Aim of the task: A single stretch of the material below is to be transcribed exactly, starting at the line with "Eine Vintage Abbildung" and ending after the line with "图为5月29日,山西汾西华益实业有限公司举行的矿用凯式TBM汾盾一号下线仪式。本报记者 张浩亮 摄".

Data shown:
__________________________________________________

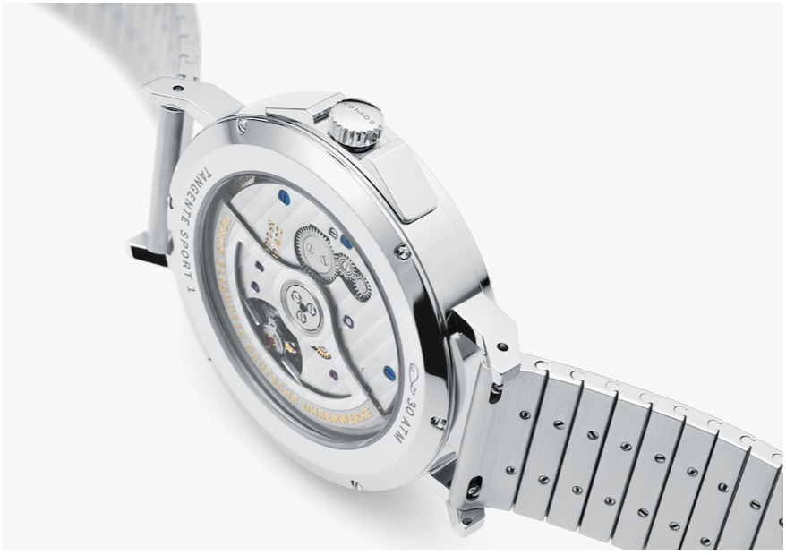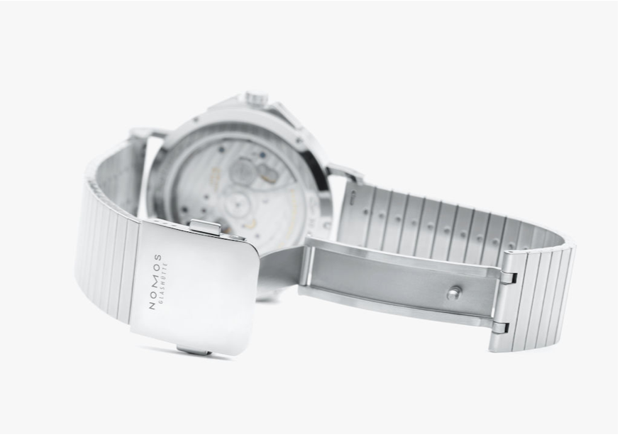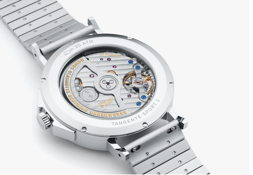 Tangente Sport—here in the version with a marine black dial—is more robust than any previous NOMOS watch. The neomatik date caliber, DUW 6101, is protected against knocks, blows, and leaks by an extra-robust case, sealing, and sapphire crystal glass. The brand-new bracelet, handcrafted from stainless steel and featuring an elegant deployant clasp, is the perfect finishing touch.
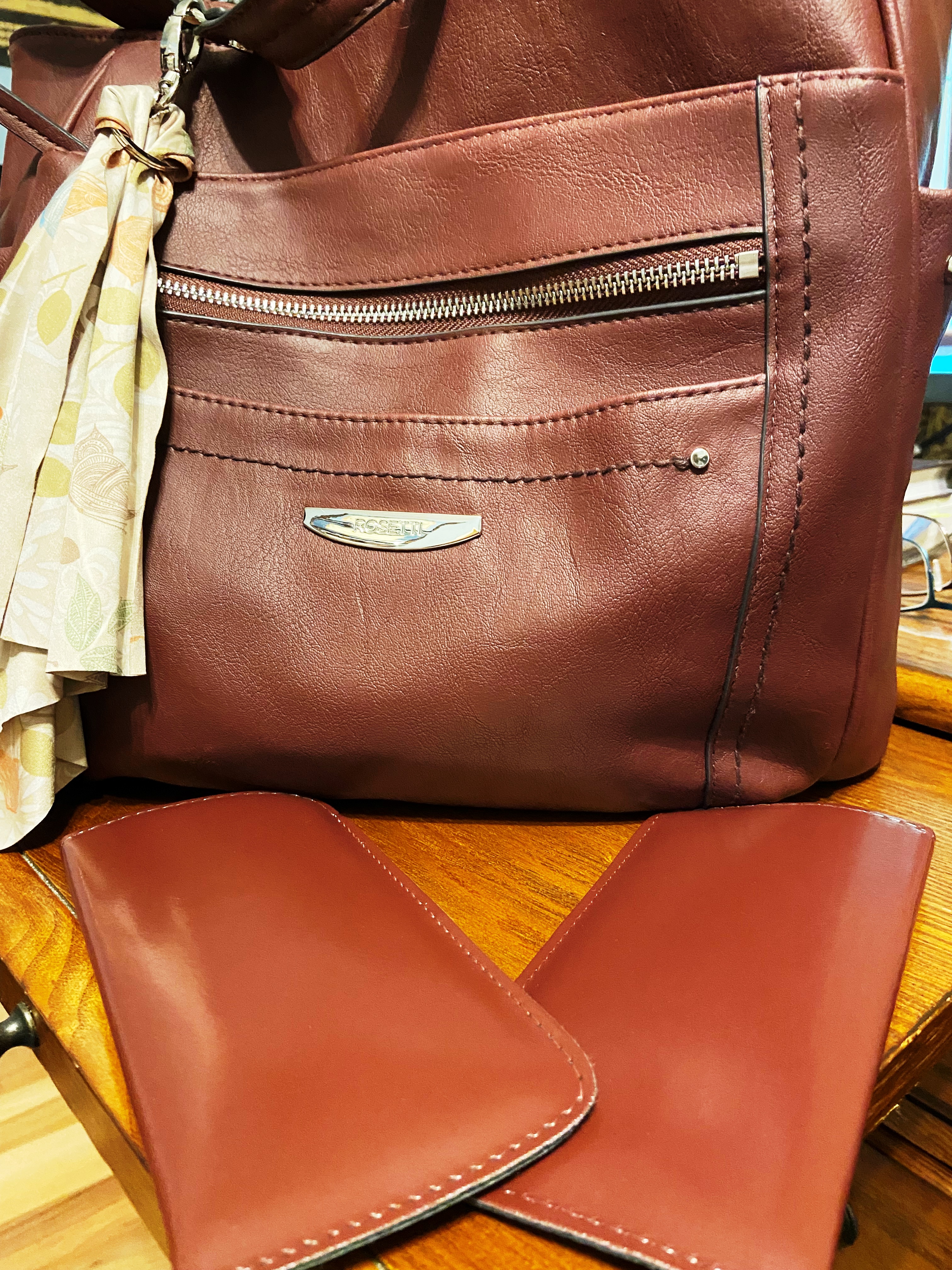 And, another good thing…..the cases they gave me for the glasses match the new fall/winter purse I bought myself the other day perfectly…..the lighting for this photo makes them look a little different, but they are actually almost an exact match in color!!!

__________________________________________________

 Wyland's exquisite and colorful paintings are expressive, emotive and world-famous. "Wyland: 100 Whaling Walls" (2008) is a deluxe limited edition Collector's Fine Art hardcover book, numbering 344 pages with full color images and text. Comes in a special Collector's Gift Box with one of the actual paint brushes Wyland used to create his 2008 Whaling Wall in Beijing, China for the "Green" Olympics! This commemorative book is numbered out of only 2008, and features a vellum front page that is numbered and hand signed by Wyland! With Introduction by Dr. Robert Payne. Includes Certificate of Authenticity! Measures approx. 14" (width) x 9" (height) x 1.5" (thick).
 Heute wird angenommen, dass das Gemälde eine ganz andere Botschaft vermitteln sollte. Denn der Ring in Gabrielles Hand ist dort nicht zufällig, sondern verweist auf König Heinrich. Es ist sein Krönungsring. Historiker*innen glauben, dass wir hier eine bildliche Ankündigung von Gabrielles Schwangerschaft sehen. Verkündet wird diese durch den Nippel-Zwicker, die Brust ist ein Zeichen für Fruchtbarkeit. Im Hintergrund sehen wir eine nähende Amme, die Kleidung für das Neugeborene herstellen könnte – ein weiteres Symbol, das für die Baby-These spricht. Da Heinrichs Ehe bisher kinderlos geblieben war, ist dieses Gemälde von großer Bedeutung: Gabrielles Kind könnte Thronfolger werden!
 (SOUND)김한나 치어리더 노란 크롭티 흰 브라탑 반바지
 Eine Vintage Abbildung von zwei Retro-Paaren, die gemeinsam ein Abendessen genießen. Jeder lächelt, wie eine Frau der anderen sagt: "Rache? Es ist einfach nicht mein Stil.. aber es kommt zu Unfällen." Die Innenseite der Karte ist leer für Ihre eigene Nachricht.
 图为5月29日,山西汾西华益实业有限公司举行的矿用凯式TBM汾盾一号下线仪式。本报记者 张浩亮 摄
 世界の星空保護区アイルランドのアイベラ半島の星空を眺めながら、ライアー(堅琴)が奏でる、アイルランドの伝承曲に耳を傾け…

__________________________________________________

Reply:
 Eine Vintage Abbildung von zwei Retro-Paaren, die gemeinsam ein Abendessen genießen. Jeder lächelt, wie eine Frau der anderen sagt: "Rache? Es ist einfach nicht mein Stil.. aber es kommt zu Unfällen." Die Innenseite der Karte ist leer für Ihre eigene Nachricht.
 图为5月29日,山西汾西华益实业有限公司举行的矿用凯式TBM汾盾一号下线仪式。本报记者 张浩亮 摄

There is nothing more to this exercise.